In this paper we studied the contribution of changes in the demographic structure on per-capita income growth. To shed light on this old topic, we used a new approach by considering an OLG model populated by households that are heterogeneous by level of education, who optimally choose the consumption of market- and home-produced goods, and the time spent working in the market and in home production. Then, we validated our approach by showing that our model is capable of replicating the observed increase in income and consumption per capita, and the pronounced decline in hours of work from 1850 to 2000.

Our main finding suggests that the rise in longevity and the drop in fertility account for around 17\(\%\) of the increase in per-capita income growth from 1850 to 2000. An analysis by demographic component gives that the drop in fertility explains 14.5\(\%\) of the economic growth, while the rise in longevity explains 6.4\(\%\). We also studied the contribution of the demographic transition in terms of the translation component (population structure) and the productivity component (changes in labor supply and capital accumulation). Our results suggest that the translation component accounts for 50\(\%\) of the total income growth from 1850 to 2000, and hence the productivity component accounts for 50\(\%\). By running additional counterfactual experiments we obtained two other key findings. First, we showed that, after productivity, demography is the most important factor explaining per-capita income growth for the country analyzed. Second, we showed that OLG models highly underestimate the impact of demography on per-capita income growth when dependent children are not included.

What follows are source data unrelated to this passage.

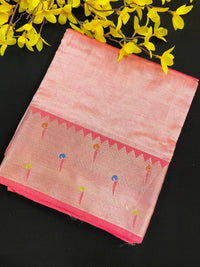 Enhance your ethnic wardrobe with our exquisite Pastel colors Mangalagiri Silk sarees with Paithani Borders, exclusively available at Anandi Fashions. Crafted to perfection, these sarees elegantly blend the traditional Mangalagiri weaving technique with the luxurious touch of stunning Pythani borders. Perfect for any festive occasion or celebration, our sarees offer timeless charm and sophisticated grace.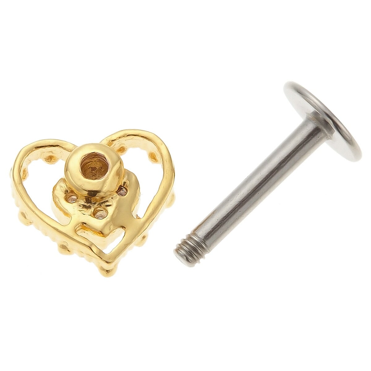 ハート型モチーフにキュービックジルコニアをセットしたボディピアスです。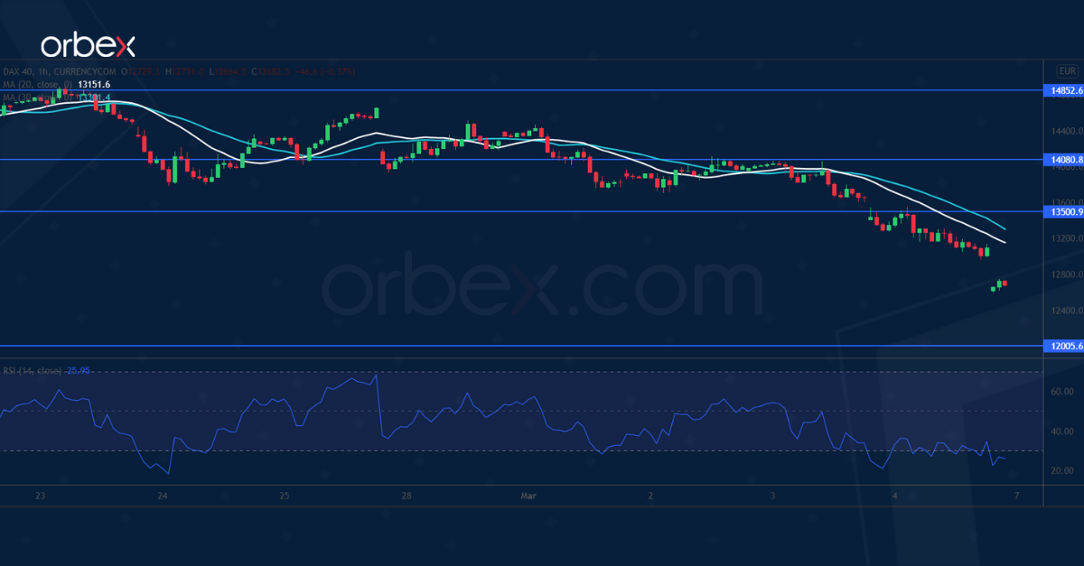 The Dax 40 plunges for fears of stagflation in the eurozone. The index has ventured further into the bearish territory after it broke below March 2021’s lows around 14000.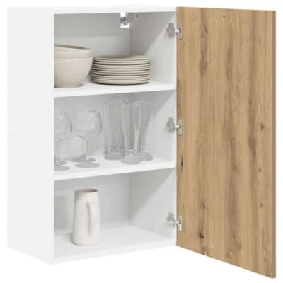 ManoManoGeneral description This modern kitchen wall cabinet is designed to enhance contemporary spaces. With its sleek, rectangular design, it updates the look of your kitchen while providing essential storage solutions. Crafted from high-quality engineered wood, its stain-resistant finish ensures effortless maintenance and adds a touch of sophistication to your cooking area. Technical specifications Material: Engineered wood Colour: Artisan oak and white Overall dimensions: 50 x 31 x 80 cm (L x W x H) Weight: 16.7 kg Features: 3 shelves, 1 hinge door Compatibility and accessories Indoor use only Mounting included: Wall/ceiling fixtures (specific screws or wall plugs not included) Installation Assembly required: Yes Usage Recommended for kitchen environments, providing effective storage without compromising on style or space. Other information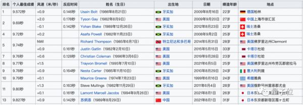 而这些纪录的保持者,除了Justin Gatlin在打破纪录时是33岁以外,其他人均为30岁以下。
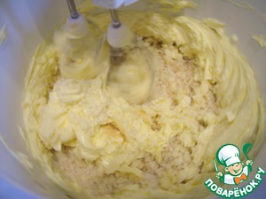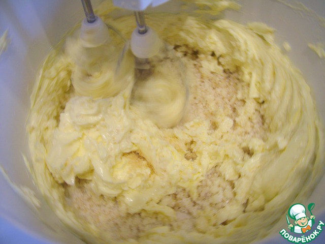 Сливочное масло взбить с 200 г. сахара (белый+коричневый) несколько минут до пышности, затем добавить яйцо и внутренность стручка ванили и взбить еще полминуты.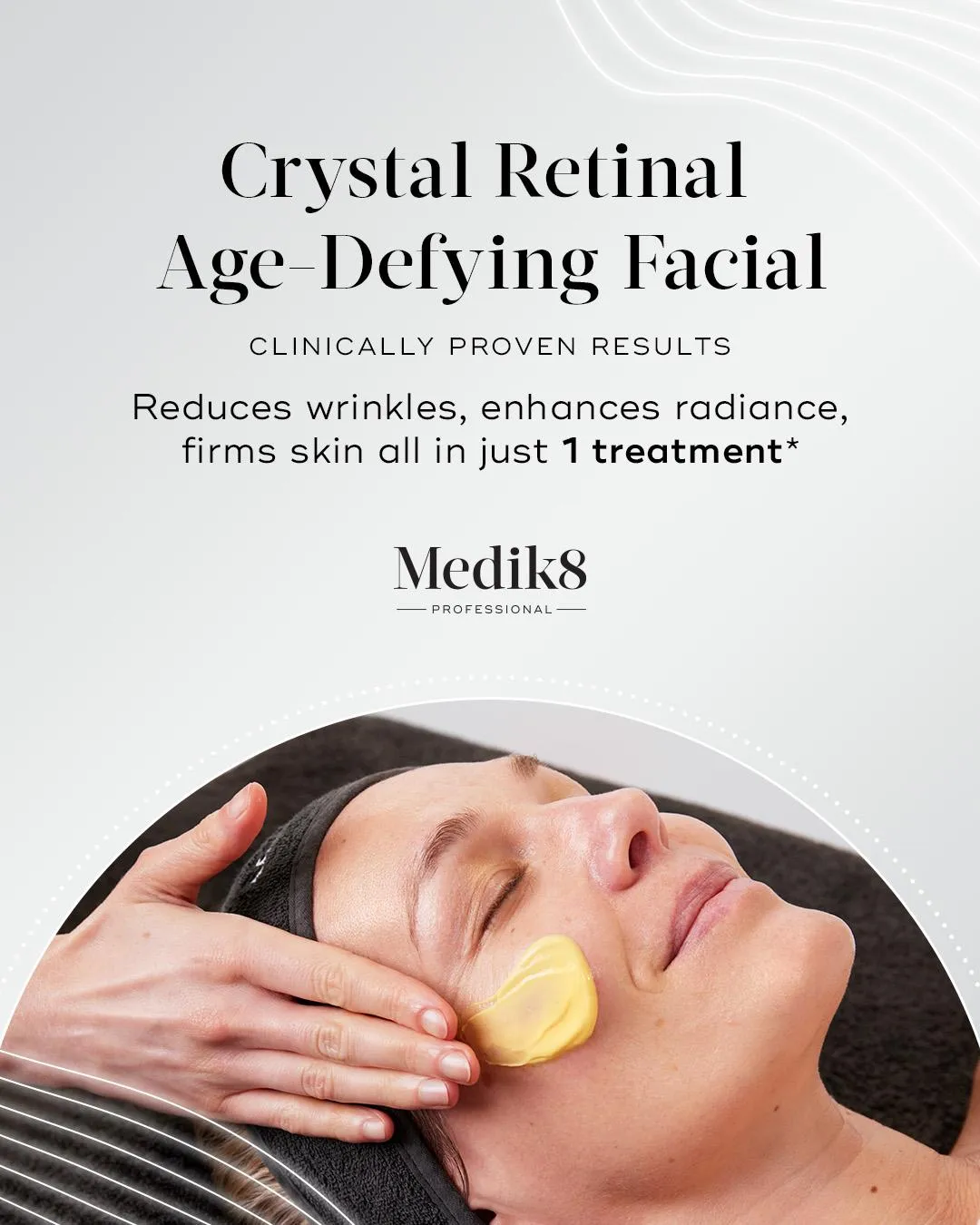 Reveal smoother, brighter, and more luminous skin. Medik8 facials help resurface dull complexions, restoring a healthy glow and even tone.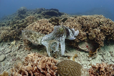 3月~5月の初旬は、コブシメシーズン真っ只中です。コブシメの1匹のメスを奪い合う威嚇シーンを真近でゆっくりと観察することが出来ます。多い時で、20匹前後にコブシメが集結する場面に遭遇できるかも??

Our estimated contribution of demography to economic growth from 1850 to 2000 should, however, not be taken as a fixed number. We believe the value around 17\(\%\) points is likely to be the minimum contribution of demography to per-capita income growth. Indeed, there is growing evidence showing that changes in longevity may explain to a large extent the educational transition and the change in labor supply (Cervellati and Sunde 2013; Restuccia and Vandenbroucke 2013; Sanchez-Romero et al. 2016). This figure could be even higher if we consider that population density may boost technological progress (Lee 1988; Kremer 1993; Galor and Weil 2000; Jones 2001; Croix et al. 2008). Thus, further research is needed to investigate other interactions such as the interplay among demographic change, the education transition, and productivity growth.